Load Data from Amazon S3 Using IMPORT

You can use the IMPORT command to load data from Amazon S3 buckets on AWS. Exasol automatically recognizes Amazon S3 import based on the URL.

Only Amazon S3 on AWS is supported. Other services that use an S3 compatible protocol are not supported.

For authentication, you can use one of the following mechanisms:

  • A connection string
  • Temporary credentials for EC2 IAM roles

Exasol recommends creating a connection string.
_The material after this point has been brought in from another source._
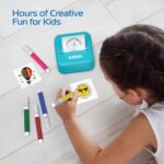 Kids can start creating in minutes. Simply draw a design or choose one from the free Kiddos app, then print it instantly with the no-ink sticker machine. After printing, they can color, decorate, and stick their creations anywhere for endless fun.

To authenticate with a user/password, use the Amazon S3 access key ID in the USER field and the secret access key in the IDENTIFIED BY field.
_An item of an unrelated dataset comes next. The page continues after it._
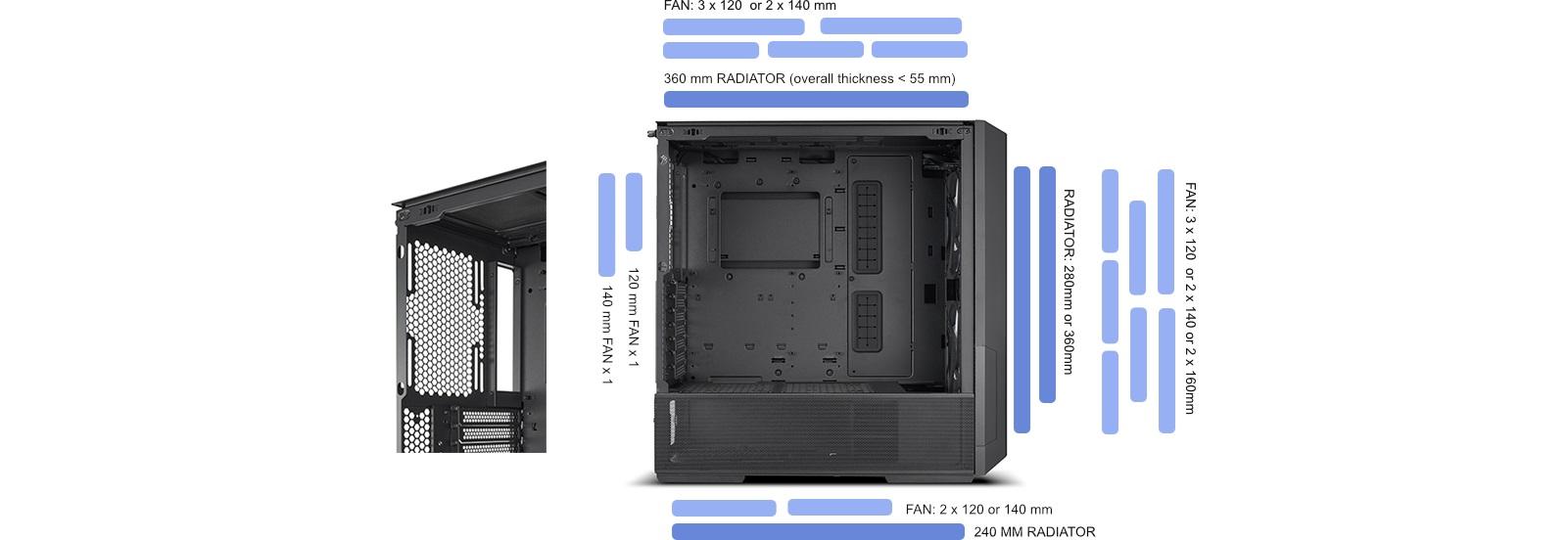 | FAN SUPPORT | Top: 3 x 120mm / 2 x 140mm PSU Cover: 2 x 120mm / 2 x 140mm (Air Cooling mode) Front: 3 x 120mm / 2 x 140mm / 2 x 160mm Rear: 1 x 120mm / 1 x 140mm (Not compatible with UNI FAN SL-INF 140) PCIe Fan Bracket: 1 x 120mm |

CREATE CONNECTION S3_MY_BUCKETNAME
TO 'https://testbucket.s3.amazonaws.com'
USER '<key-ID>' 
IDENTIFIED BY '<secret-key>'

To import or export your data using a connection string, run either of the following statements:

IMPORT INTO testtable FROM CSV AT S3_MY_BUCKETNAME
FILE 'testpath/test.csv';

EXPORT testtable INTO CSV AT S3_MY_BUCKETNAME
FILE 'testpath/test.csv';

To use temporary credentials for EC2 IAM roles, leave the USER and IDENTIFIED BY fields empty in either of the following statements:

IMPORT INTO testtable FROM CSV AT 'https://testbucket.s3.amazonaws.com'
FILE 'testpath/test.csv';

EXPORT testtable INTO CSV AT 'https://testbucket.s3.amazonaws.com'
FILE 'testpath/test.csv';

An AWS bucket URL using the legacy global endpoint format (<bucketname>.s3.amazonaws.com) may need up to 24 hours after bucket creation before it becomes available. A fully qualified Amazon S3 URL that includes the AWS region (<bucketname>.s3-<region>.amazonaws.com) will work immediately.

Upload to Amazon S3 on AWS is done in parts. AWS allows maximum 10000 parts for each upload. Therefore, you may need a large part size if you want to upload a large file. The part size for the upload is configurable with the -awsS3PartSize parameter. The default size of this parameter is 10 MiB represented in bytes (-awsS3PartSize=1048576). To see how to change this parameter, see Edit a Database.

Here are some examples of what could be the maximum size of the file that you can upload:

  • If the part size is 10 MB, the maximum size of the file you can upload: 10 MB parts: (10*1024*1024 bytes/part) * (10000 parts) / (1024*1024*1024 bytes/GB) = 97.7 GB
  • If the part size is 5 MB, the maximum size of the file you can upload: 5 MB parts: (5*1024*1024 bytes/part) * (10000 parts) / (1024*1024*1024 bytes/GB) = 48.8 GB

The value of the -awsS3PartSize parameter is consistent across all your queries. You cannot configure it separately for different queries.

If you need to load Amazon S3 files in parallel, see Load Data from Amazon S3 in Parallel Using UDFs.

To know more about the part size and limitation on it, see Amazon S3 Multipart Upload Limits.